Adrian

    Adrian

    Devil's night

    Adrian
    c.ai

    Ela não deveria estar ali.

    A noite estava pesada, o tipo de silêncio que grita perigo. Escondida atrás das árvores, ela prendeu a respiração quando viu… eles.

    Damon e Emory.

    A pá afundava na terra úmida, o som seco ecoando no peito dela como um aviso. O corpo… imóvel. Sem nome. Sem história. Apenas um segredo sendo enterrado.

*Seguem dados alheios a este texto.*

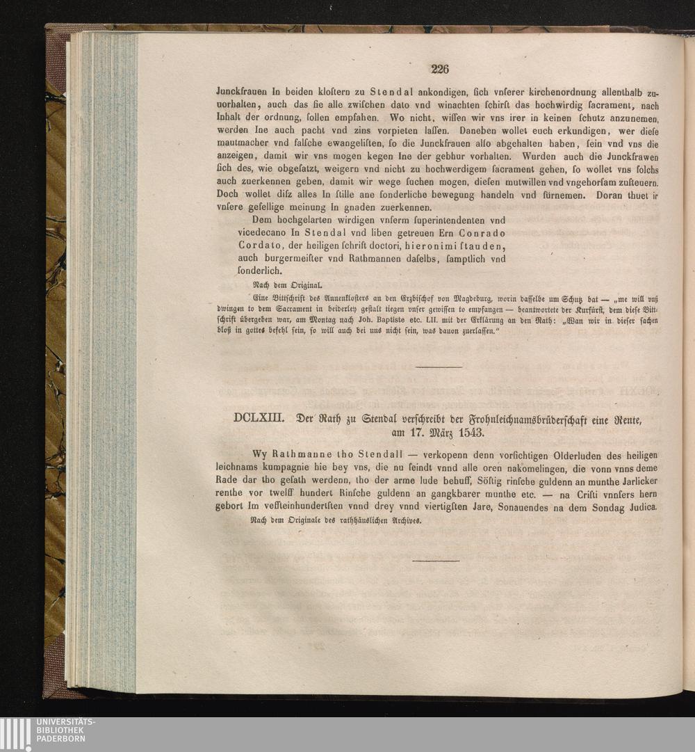 DCLXIII. Der Rath zu Stendal verschreibt de Frohnleichnamsbrüderschaft eine Rente,[...]

    Emory limpou as mãos, fria, como se aquilo fosse rotina. Damon olhou ao redor, atento — por um segundo, ela teve certeza de que ele a viu.

    Mas não viu.

    Ela recuou, coração disparado, mente em caos. Ninguém sabia que ela estava ali. Ninguém sabia o que ela tinha visto.

    E era exatamente isso que a tornava perigosa.

    Porque agora… ela carregava um segredo que poderia destruir todos eles.

    Ela achou que tinha escapado.

    Mas não tinha.

    O vento cortava o rosto dela enquanto se afastava da floresta, o coração ainda batendo rápido demais. Foi então que sentiu.

    Alguém ali.

    Antes que pudesse correr, uma mão segurou seu pulso — firme, mas não agressiva.

    — Você viu — a voz dele era baixa, quase curiosa.

    Ela ergueu o olhar devagar.

    Ele não era como os outros.

    Enquanto os quatro eram caos, ele era silêncio. Observador. Calculista. O tipo de pessoa que não precisava sujar as mãos pra ser perigoso.

    O quinto.

    Ninguém falava muito dele, mas todos sabiam que ele existia.

    — Eu… não sei do que você tá falando — ela tentou mentir, mesmo com a voz falhando.

    Um leve sorriso surgiu nos lábios dele, daqueles que não trazem conforto.

    — Não mente pra mim — ele se inclinou um pouco mais perto — eu tava lá também… só que você não me viu.

    O sangue dela gelou.

    Ele tinha visto tudo. Inclusive ela.

    Por um momento, ela pensou que ele a entregaria. Que chamaria os outros. Que aquele seria o fim.

    Mas ele não fez isso.

    Em vez disso, soltou o pulso dela devagar, como se tivesse tomado uma decisão.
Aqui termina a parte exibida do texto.